Dünyada bir tarafta hammadde fiyatlarının arttığı, navlun maliyetlerinin yukarı yönlü baskılandığı, mamul üretiminin pahalı hale geldiği bu süreçte, dördüncü sanayi devriminin getirdiği avantajları kullanarak ezberimizi bozmanın, dijitalleşmeyi kullanmanın ve yeniden bir ekonomi yaratmanın tartışılması gerekiyor.
Belli ki bu halimizle dünya ekonomisi içinde yüzde 1’e ulaşmayan büyüklüğümüzü artıramayacağız ve katma değerli üretimlere de ulaşamayacağız. O zaman vaktimizi ve paramızı doğru kullanmak için ezber bozmak durumundayız.
Türkiye’nin en büyük gücü ne? İnsan kaynağı… Böyle bir fotoğraf içinde uçak üretmenin, araç üretmenin, tişört üretmenin peşinden koşarak ekonomik farkı kapatamayız. Şu yanlış anlaşılmaya mahal vermek istemem.
Bu üretimlerden vazgeçmemiz gerektiğini söylemiyorum. Aksine buradaki kabiliyetimizi geliştirerek, ürünlere akıl gücü ve akıl teri katmanın yollarını aramalıyız. Yani tişört üretmenin peşinde koşmak yerine, giyilebilir teknolojilerin üzerinde durmalıyız.
Eğer en büyük kaynağımız insansa ve istihdamımızın yüzde 55’ini hizmet sektöründe değerlendiriyorsak, buradaki gücümüzü ivmelendirmeliyiz. Ama bunu yaparken de, yarın robotlara teslim edilecek işlere konsantre olup, vakit kaybetmenin alemi yok.
Tarımı tartışmıyorum. Tekstili yok saymıyorum. Otomotiv endüstrisinden çıkalım demiyorum. Her birini aksine iç tedarik yöntemleriyle akıllandıracak ve geliştirecek yöntemleri konuşmaktan söz ediyorum.
Eğer insan kaynağınız esas ise, önce hammadde ihtiyacı olmayan, ithalata bağımlılık yaratmayan sektörleri geliştirmeliyiz. Mesela yazılım, fintechler, startuplar, yenilenebilir enerji odaklanmamız gereken nokta olmalı.
Yani donanım üretmek için harcayacağımız zamanı öteleyelim. Bunun yerine donanımların içine dahil olacak akıllara yatırım yapalım ve bu alanda çalışan girişimleri destekleyelim.
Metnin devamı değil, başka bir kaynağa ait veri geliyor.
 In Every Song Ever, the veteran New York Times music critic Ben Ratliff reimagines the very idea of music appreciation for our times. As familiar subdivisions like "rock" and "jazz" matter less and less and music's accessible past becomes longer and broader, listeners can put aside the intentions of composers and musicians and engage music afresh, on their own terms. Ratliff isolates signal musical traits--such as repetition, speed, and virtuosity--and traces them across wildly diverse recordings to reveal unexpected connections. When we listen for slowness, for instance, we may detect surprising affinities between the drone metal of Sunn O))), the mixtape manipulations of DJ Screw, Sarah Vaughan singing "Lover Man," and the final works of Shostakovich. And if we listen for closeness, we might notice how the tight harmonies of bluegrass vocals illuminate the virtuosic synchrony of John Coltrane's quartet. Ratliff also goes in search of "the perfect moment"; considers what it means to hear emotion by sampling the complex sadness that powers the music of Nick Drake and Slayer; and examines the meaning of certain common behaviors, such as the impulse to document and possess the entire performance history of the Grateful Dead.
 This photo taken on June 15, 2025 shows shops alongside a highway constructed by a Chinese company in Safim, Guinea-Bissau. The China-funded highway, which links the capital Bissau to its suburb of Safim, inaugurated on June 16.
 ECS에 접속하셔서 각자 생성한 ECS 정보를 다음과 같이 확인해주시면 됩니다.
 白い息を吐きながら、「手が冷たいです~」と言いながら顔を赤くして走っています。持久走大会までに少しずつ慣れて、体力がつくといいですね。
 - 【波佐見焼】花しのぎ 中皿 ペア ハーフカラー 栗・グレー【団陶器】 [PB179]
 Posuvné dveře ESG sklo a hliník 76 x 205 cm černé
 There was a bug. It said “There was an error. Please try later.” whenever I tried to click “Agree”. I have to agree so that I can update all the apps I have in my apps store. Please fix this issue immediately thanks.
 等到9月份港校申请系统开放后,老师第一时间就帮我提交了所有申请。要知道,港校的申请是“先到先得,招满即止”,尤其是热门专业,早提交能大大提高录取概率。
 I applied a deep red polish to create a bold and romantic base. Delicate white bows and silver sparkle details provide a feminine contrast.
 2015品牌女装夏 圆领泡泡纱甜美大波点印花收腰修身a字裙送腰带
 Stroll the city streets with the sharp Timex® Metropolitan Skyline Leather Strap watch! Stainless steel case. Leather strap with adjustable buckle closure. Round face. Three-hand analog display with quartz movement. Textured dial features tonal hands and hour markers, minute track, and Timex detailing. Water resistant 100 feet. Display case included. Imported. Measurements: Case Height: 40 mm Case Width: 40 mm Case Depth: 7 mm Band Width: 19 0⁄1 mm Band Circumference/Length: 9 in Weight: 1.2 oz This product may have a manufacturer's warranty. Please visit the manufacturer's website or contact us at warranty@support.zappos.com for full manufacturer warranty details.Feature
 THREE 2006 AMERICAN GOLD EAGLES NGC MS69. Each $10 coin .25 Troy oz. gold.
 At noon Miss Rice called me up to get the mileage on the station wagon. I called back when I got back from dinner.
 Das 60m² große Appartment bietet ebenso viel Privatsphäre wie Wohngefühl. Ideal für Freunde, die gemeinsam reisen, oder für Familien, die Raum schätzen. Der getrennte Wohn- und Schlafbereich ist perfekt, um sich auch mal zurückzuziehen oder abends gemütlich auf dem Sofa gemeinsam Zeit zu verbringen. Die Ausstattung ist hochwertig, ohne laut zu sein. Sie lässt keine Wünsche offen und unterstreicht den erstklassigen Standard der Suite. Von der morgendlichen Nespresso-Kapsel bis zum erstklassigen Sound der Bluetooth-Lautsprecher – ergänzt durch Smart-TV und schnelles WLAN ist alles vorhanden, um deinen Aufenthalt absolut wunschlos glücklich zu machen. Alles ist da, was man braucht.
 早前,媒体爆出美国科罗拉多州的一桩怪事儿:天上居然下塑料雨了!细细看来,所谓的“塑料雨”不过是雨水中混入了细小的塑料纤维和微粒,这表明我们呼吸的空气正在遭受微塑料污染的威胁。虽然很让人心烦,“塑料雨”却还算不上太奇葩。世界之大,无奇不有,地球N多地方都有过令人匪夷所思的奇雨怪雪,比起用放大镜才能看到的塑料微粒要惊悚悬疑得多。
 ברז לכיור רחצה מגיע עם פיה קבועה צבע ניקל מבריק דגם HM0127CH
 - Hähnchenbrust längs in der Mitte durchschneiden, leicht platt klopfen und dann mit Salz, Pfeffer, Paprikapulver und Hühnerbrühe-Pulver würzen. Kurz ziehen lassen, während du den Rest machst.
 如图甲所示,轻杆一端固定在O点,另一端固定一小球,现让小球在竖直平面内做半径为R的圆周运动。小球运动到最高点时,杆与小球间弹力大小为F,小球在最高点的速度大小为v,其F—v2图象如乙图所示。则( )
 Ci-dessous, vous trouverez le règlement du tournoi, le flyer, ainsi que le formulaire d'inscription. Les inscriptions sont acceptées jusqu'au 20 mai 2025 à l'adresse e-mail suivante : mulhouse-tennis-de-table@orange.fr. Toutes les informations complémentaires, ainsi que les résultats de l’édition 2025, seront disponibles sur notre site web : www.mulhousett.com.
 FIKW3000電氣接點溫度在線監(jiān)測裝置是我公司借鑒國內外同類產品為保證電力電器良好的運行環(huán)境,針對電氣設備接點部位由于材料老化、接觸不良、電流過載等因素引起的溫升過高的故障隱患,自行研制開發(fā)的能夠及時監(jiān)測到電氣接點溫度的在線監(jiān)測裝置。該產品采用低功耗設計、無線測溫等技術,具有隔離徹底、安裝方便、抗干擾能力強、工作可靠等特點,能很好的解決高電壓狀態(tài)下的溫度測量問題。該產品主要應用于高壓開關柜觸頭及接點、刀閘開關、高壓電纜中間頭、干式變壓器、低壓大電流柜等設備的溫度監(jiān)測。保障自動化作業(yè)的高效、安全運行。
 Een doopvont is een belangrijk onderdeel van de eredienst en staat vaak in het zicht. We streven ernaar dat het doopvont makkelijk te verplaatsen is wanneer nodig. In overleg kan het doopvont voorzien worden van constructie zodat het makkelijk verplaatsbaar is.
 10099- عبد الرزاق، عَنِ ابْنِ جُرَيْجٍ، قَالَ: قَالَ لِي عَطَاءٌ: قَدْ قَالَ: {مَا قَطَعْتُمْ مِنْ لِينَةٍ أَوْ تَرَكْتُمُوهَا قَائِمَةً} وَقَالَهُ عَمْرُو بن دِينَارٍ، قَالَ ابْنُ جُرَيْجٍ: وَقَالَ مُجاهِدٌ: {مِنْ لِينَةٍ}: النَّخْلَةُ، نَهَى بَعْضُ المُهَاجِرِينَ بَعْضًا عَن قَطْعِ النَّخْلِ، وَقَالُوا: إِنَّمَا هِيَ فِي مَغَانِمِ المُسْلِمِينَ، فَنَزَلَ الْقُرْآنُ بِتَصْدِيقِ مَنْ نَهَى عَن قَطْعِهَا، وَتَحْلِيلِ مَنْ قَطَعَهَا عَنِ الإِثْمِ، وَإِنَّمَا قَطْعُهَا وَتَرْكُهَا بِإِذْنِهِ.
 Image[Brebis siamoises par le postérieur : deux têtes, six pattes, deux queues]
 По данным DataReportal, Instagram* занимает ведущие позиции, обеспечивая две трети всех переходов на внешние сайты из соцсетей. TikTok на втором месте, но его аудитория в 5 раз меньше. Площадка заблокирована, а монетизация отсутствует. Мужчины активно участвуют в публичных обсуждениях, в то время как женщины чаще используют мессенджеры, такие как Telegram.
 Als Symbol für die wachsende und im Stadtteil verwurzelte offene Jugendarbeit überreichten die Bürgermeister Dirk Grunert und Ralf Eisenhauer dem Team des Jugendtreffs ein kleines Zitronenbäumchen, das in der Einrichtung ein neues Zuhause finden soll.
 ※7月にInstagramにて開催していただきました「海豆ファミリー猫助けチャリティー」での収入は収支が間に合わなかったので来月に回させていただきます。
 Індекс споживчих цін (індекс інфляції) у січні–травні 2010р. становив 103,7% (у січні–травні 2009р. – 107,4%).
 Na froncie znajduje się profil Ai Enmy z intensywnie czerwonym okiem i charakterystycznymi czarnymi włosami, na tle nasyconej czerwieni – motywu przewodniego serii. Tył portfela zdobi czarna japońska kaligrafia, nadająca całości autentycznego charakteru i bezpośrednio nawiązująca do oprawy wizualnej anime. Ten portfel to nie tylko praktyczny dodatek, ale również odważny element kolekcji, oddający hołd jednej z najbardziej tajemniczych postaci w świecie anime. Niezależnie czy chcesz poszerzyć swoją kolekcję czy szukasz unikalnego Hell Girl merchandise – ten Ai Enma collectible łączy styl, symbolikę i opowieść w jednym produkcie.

Kısa süre içinde dijital bankacılıktan, çözüm odaklı yazılımlara kadar ciddi yol aldığımızı, veri ekonomisine dahil olduğumuzu ve bu halimizle de kaynak çekerken, zenginleştiğimizi göreceğiz.
Eş zamanlı olarak en büyük yatırımı da eğitime, eğitim sonrasında da çalışanların özlük haklarına verelim. Ortaya çıkan birikimle, geleneksel sektörlerimizin bugünün değil, yarının ürünlerini üretebilmesi için üniversite entegrasyonuyla çalışmalarını destekleyelim. Onların dönüşümünü ve gelişimini sağlayalım.
Ardından dünya ölçeğinde aklı ve akla dayalı çözümleri üreten, bu haliyle katma değer yaratan, zenginleşmesiyle donanımı da üretir ve para kazanır hale gelen bir yapıya bürünebiliriz.
Günün sonunda ne istihdam problemimiz kalır, ne hammadde maliyeti sorun olmaya devam eder, ne bağımlılık sorunumuz kalır ne de emeklinize vereceğiniz ücret tartışmalı hale gelir.
Önceliği insana ve akıl terine vermezsek, bu döngüden çıkamayacağız. Gelin ezberleri bozup, ekonomiyi yeniden planlayalım ve ikinci yüzyılda çıkışı buradan sağlayalım. Yoksa bu yol sadece zaman kaybına ve fakirleşmeye sebep oluyor.